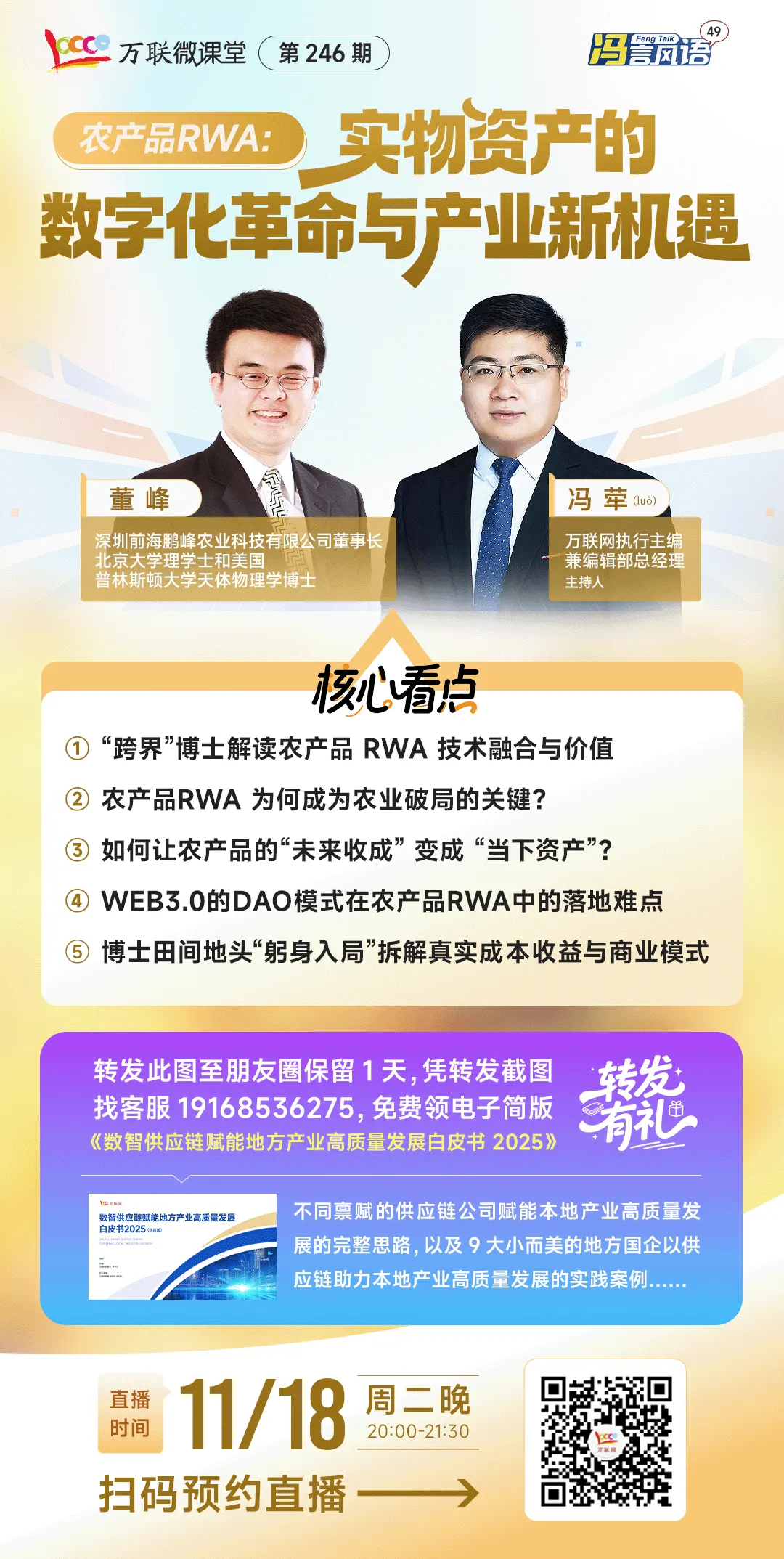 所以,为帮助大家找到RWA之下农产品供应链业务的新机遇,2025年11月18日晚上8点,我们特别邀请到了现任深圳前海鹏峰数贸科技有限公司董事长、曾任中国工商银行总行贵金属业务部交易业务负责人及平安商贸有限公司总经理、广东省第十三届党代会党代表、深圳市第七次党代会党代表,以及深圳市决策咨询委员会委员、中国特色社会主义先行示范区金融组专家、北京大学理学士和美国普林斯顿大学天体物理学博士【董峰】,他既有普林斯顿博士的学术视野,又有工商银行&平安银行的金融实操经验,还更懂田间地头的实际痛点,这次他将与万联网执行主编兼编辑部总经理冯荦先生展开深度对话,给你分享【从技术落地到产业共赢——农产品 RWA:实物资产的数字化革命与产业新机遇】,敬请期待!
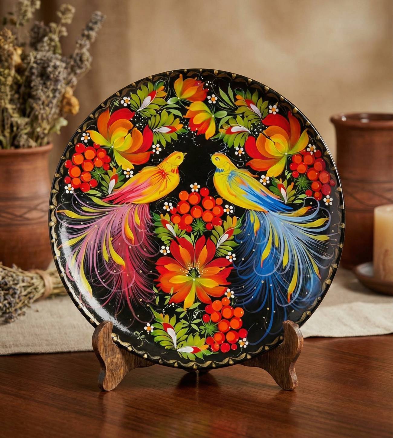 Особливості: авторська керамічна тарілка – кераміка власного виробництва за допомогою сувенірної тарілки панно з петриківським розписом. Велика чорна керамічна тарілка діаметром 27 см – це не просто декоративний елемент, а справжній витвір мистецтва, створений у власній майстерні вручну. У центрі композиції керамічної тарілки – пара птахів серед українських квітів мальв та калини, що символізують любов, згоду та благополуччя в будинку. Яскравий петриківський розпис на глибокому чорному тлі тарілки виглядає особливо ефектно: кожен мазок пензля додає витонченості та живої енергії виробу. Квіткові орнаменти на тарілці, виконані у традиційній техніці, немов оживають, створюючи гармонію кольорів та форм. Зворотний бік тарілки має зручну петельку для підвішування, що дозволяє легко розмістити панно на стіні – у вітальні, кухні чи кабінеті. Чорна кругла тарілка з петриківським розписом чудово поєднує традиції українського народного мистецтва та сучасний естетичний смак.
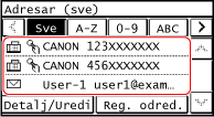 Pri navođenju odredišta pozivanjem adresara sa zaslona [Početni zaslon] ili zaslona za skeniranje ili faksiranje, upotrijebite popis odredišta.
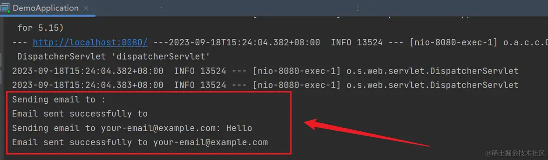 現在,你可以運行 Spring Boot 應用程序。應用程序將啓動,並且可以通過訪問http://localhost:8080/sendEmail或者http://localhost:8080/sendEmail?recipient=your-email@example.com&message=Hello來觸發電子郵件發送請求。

---

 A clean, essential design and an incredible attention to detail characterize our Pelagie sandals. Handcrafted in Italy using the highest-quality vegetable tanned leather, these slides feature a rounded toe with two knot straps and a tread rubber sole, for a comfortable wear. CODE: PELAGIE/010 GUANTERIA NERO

--

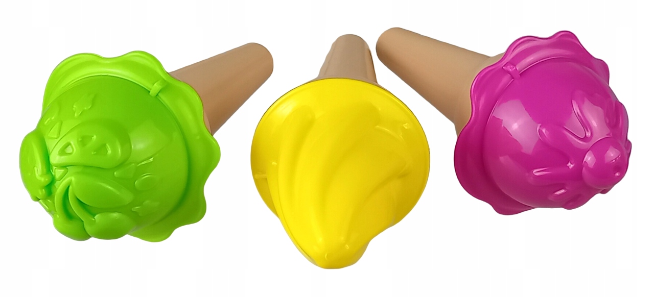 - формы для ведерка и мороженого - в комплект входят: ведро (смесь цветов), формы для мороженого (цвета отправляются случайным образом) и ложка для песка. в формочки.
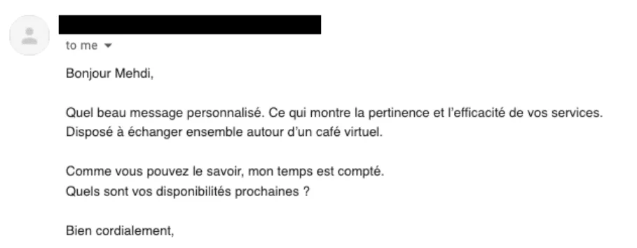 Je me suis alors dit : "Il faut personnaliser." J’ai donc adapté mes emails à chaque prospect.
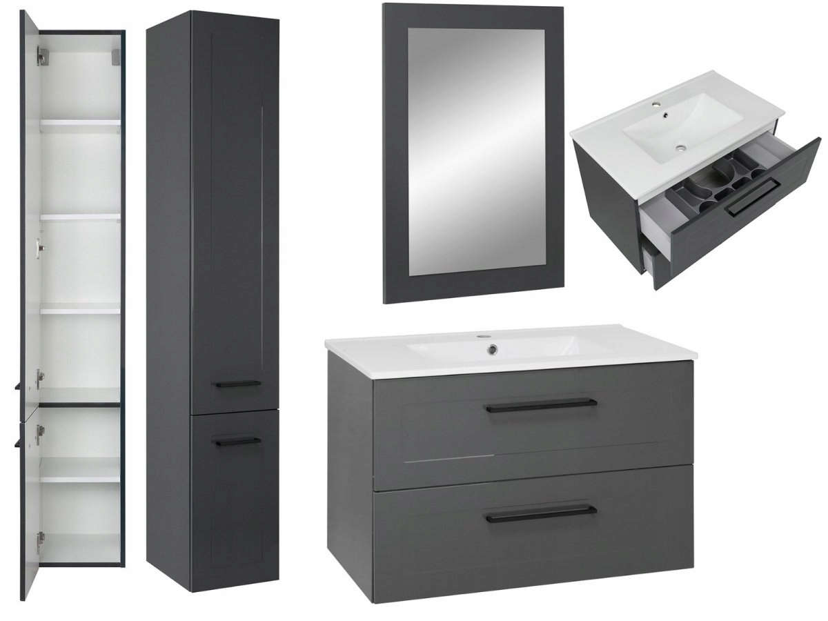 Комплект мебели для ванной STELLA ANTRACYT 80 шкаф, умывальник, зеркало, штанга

WHAT TO PRODUCE - Copy exactly, without pictures, the lines above from the one with "Особливості: авторська керамічна" down to the one with "現在,你可以運行 Spring Boot", inclusive.

SOLUTION TO THE PROBLEM -
 Особливості: авторська керамічна тарілка – кераміка власного виробництва за допомогою сувенірної тарілки панно з петриківським розписом. Велика чорна керамічна тарілка діаметром 27 см – це не просто декоративний елемент, а справжній витвір мистецтва, створений у власній майстерні вручну. У центрі композиції керамічної тарілки – пара птахів серед українських квітів мальв та калини, що символізують любов, згоду та благополуччя в будинку. Яскравий петриківський розпис на глибокому чорному тлі тарілки виглядає особливо ефектно: кожен мазок пензля додає витонченості та живої енергії виробу. Квіткові орнаменти на тарілці, виконані у традиційній техніці, немов оживають, створюючи гармонію кольорів та форм. Зворотний бік тарілки має зручну петельку для підвішування, що дозволяє легко розмістити панно на стіні – у вітальні, кухні чи кабінеті. Чорна кругла тарілка з петриківським розписом чудово поєднує традиції українського народного мистецтва та сучасний естетичний смак.
 Pri navođenju odredišta pozivanjem adresara sa zaslona [Početni zaslon] ili zaslona za skeniranje ili faksiranje, upotrijebite popis odredišta.
 現在,你可以運行 Spring Boot 應用程序。應用程序將啓動,並且可以通過訪問http://localhost:8080/sendEmail或者http://localhost:8080/sendEmail?recipient=your-email@example.com&message=Hello來觸發電子郵件發送請求。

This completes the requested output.